Thursday, February 3, 2011

Assignment 5-1

As a mom of three children ages 16, 12 and 10, I have a rising concern of the texting that may occur between them and their friends. It seems that they become more and more disconnected from talking to people face to face.  This is something that will affect them as they get older and will need to communicate with others in the real world of employment and college.  My twelve year old son will even send messages to his grandparents, which they don’t mind. They are happy that he is keeping in touch with them. My opinion, I think he just needs to visit with them longer and talk face to face more. Young people rely too much on texting to communicate with people.
I believe that this will be a problem with communicating with others when they are in a situation where they have to talk. I have gone over this with my oldest son; he has been searching for a part time job and at times has a hard time keeping eye contact with someone interviewing him. He is used to relying on the phone, not face to face contact. I think we have all heard the horrible stories of people breaking up through texting, or saying terrible things. Some kids get bold and will be sexually suggestive and send a message to another person that they would never say to their face.
Research reported by The American Public Health Association finds that hyper-texters (more than 120 messages a day) are twice as likely as others to have tried alcohol, and more than three times more likely to have had sex (LaRue Huget, 2010). It does not show that every kid that texts will have problems, but it does suggest that kids that text excessively are more likely to try risky behaviors than those who text less. Of course it depends on who they are texting; their choice of friends is the most important thing (LaRue Huget, 2010).
It is not a big deal to young people; this is just how they communicate. I tell my kids there are three things to remember before sending something that might be offensive. One, they always need to put themselves in the other persons place and think about what that would feel like. Second, they need to ask themselves if this is something they would say to that persons face? If not, don’t do it. Last, is this something that you would be ashamed of if I or their grandparents read? If so, don’t do it. Nothing is worth the possible consequences of these words that can’t ever be taken back.

References
LaRue-Huget, J. (2010). Hyper-texting teens troubling behaviors.  The Washington Post. Retrieved January 30, 2011, from http://voices.washingtonpost.com/checkup/2010/11/hyper-texting_teens_in_trouble.html.

1 comment:

  1. Hi Brenna,

    Great post and I could not agree with you more. I too have the fear that kids today are loosing the art of face-to-face communication. If it is not texting, then it is Facebook.
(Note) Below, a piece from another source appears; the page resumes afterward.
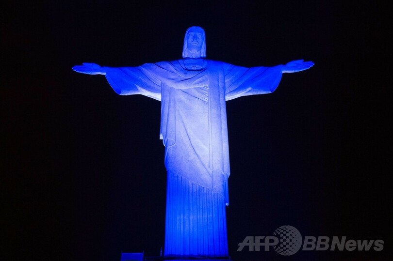 W杯決勝前夜、リオのキリスト像もライトアップ

Not that there are anything wrong with those forms of communication, but too much of it can be detrimental. I use texting when I need to get a quick message to someone and I know they cannot talk, my daughter for example when she is at work. In addition, so much of the meaning in the conversation is lost because through texting and other electronic means, facial expressions and voice tone are not part of the conversation. And you are right; it is much easier to be bold when you are not face-to-face.